T HE boat which on the first assault did go,
Struck with a harping-iron the younger foe;
Who, when he felt his side so rudely gored,
Loud as the sea that nourished him be roared.
As a broad bream, to please some curious taste,
While yet alive, in boiling water cast,
Vexed with unwonted heat, bounds, flings about
The scorching brass, and hurls the liquor out;
So with the barbed javelin stung, he raves,
And scourges with his tail the suffering waves.
Like Spenser's Talus with his iron flail,
He threatens ruin with his ponderous tail;
Dissolving at one stroke the battered boat,
And down the men fall drenched in the moat;
With every fierce encounter they are forced
To quit their boats, and fare like men unhorsed.
The bigger whale like some huge carrack lay,
Which wanteth sea-room with her foes to play;
Slowly she swims; and when, provoked she would
Advance her tail, her head salutes the mud;
The shallow water doth her force infringe,
And renders vain her tail's impetuous swinge;
The shining steel her tender sides receive,
And there, like bees, they all their weapons leave.
This sees the cub, and does himself oppose
Betwixt his cumbered mother and her foes;
With desperate courage he receives her wounds,
And men and boats his active tail confounds.
Their forces joined, the seas with billows fill,
And make a tempest, though the winds be still.
Now would the men with half their hoped prey
Be well content, and wish this cub away;
Their wish they have: he (to direct his dam
Unto the gap through which they thither came)
Before her swims, and quits the hostile lake,
A prisoner there, but for his mother's sake.
She, by the rocks compelled to stay behind,
Is by the vastness of her bulk confined.
They shout for joy! and now on her alone
Their fury falls, and all their darts are thrown.
Their lances spent, one bolder than the rest,
With his broad sword provoked the sluggish beast;
Her oily side devours both blade and haft,
And there his steel the bold Bermudian left.
Courage the rest from his example take,
And now they change the colour of the lake;
Blood flows in rivers from her wounded side,
As if they would prevent the tardy tide,
And raise the flood to that propitious height,
As might convey her from this fatal strait.

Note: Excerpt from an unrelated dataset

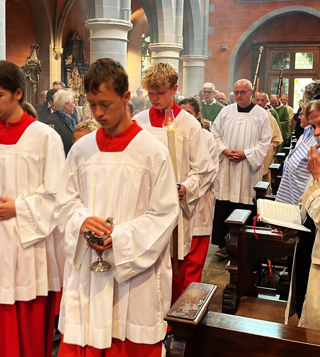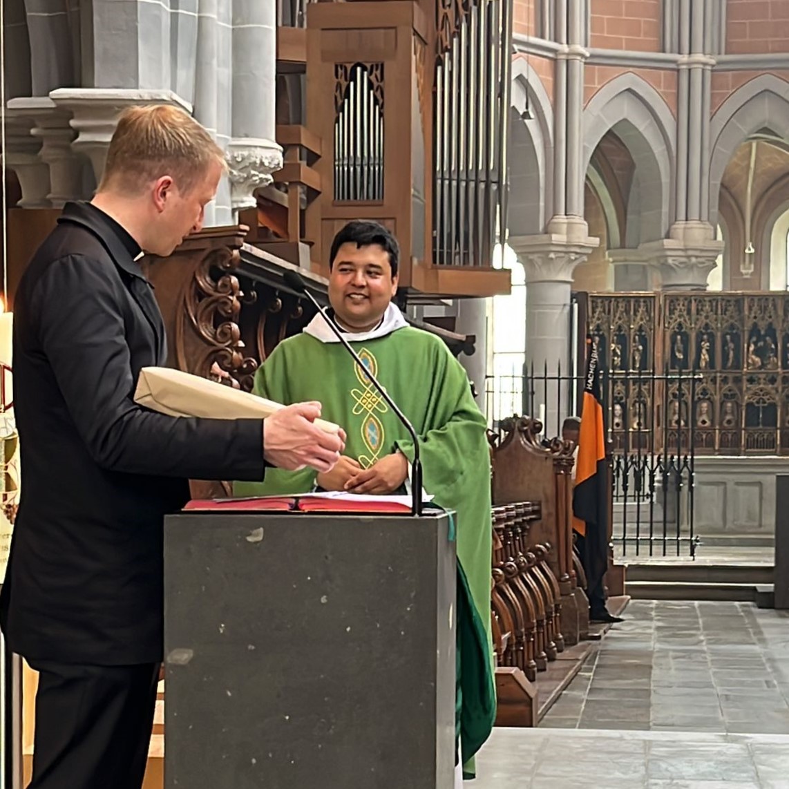 Nach der Priesterweihe durch Bischof Dr. Georg Bätzing am 23. Juni und der Klosterprimiz am darauffolgenden Tag feierte Pater Augustinus am 30. Juni seine Gemeindeprimiz in Marienstatt. Neben der Klostergemeinschaft gestalteten auch die Marienstatter Messdiener sowie der Kirchenchor Hachenburg/Marienstatt diesen festlichen Gottesdienst mit. An dessen Ende überreichte Pfarrer Wach dem Neupriester eine Stola als Geschenk der Pfarrgemeinde und lud alle zur anschließenden Primizfeier ins Pfarrheim ein. Dank zahlreicher helfender Hände aus der Pfarrei und darüber hinaus sowie dem Blasorchester Marienstatt konnten einige schöne Stunden miteinander verbracht werden. Pater Augustinus dankte allen herzlich, betonte, dass Marienstatt seine Heimat geworden sei, und bat um das Gebet der Gläubigen. Nach der Stärkung mit Kaltgetränken, Mittagessen sowie Kaffee und Kuchen spendete Pater Augustinus den Primizsegen im Anschluss an die tägliche Vesper der Mönche.

She swims in blood, and blood does spouting throw
To heaven, that heaven men's cruelties might know.
Their fixed javelins in her side she wears,
And on her back a grove of pikes appears;
You would have thought, had you the monster seen
Thus dressed, she had another island been.

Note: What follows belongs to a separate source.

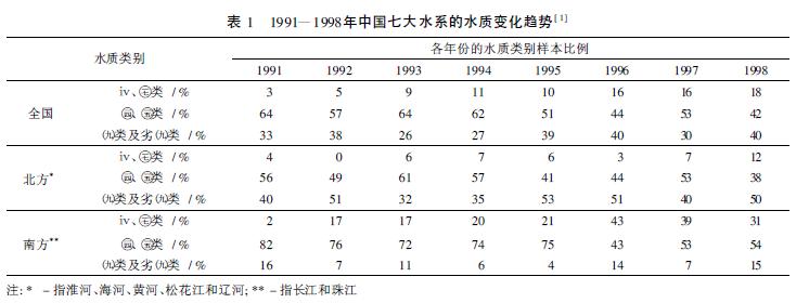 用水逐年增長(zhǎng), 水資源浪費(fèi)嚴(yán)重。據(jù)統(tǒng)計(jì), 自1949) 2002年, 全國(guó)用水量增加了4 000多億m3,大約每10 年增加1 000 億m3, 年平均增加約為100億m3。1980年以后, 全國(guó)總用水量的增長(zhǎng)幅度略有下降, 但年平均增長(zhǎng)量仍為62億m3 左右。農(nóng)田灌溉多沿用傳統(tǒng)方式, 灌溉利用系數(shù)在0. 45左右, 至少有一半的水被浪費(fèi)。工業(yè)用水利用率也很低, 發(fā)達(dá)國(guó)家的萬(wàn)元GDP 用水量一般在50 m3,而中國(guó)的萬(wàn)元GDP用水量卻在730 m3。水質(zhì)不容樂(lè)觀, 2006年, 中國(guó)廢水排放總量達(dá)到536. 8億,t 其中工業(yè)廢水為240. 2億,t 占排放總量的44. 7% 。廢水排放居于前四位的行業(yè)依次為造紙、化工、電力和紡織, 這四個(gè)行業(yè)排放的廢水占重點(diǎn)統(tǒng)計(jì)企業(yè)廢水排放量的53. 9%。表1列出了1991) 1998年中國(guó)七大水系的水質(zhì)變化趨勢(shì)。

Roaring she tears the air with such a noise,
As well resembled the conspiring voice
Of routed armies, when the field is won,
To reach the ears of her escaped son.
He, though a league removed from the foe,
Hastes to her aid; the pious Trojan so,
Neglecting for Creusa's life his own,
Repeats the danger of the burning town.
The men, amazed, blush to see the seed
Of monsters human piety exceed.
Well proves this kindness, what the Grecians sung,
That Love's bright mother from the ocean sprung.
Their courage droops, and, hopeless now, they wish
For composition with the unconquered fish;
So she their weapons would restore again.
Through rocks they'd hew her passage to the main.
But how instructed in each other's mind?
Or what commerce can men with monsters find?
Not daring to approach their wounded foe,
Whom her courageous son protected so,
They charge their muskets, and, with hot desire
Of fell revenge, renew the fight with fire;
Standing aloof, with lead they bruise the scales,
And tear the flesh of the incensed whales.
But no success their fierce endeavours found,
Nor this way could they give one fatal wound.
Now to their fort they are about to send
For the loud engines which their isle defend;
But what those pieces framed to batter walls,
Would have effected on those mighty whales,
Great Neptune will not have us know, who sends
A tide so high that it relieves his friends.
And thus they parted with exchange of harms;
Much blood the monsters lost, and they their arms.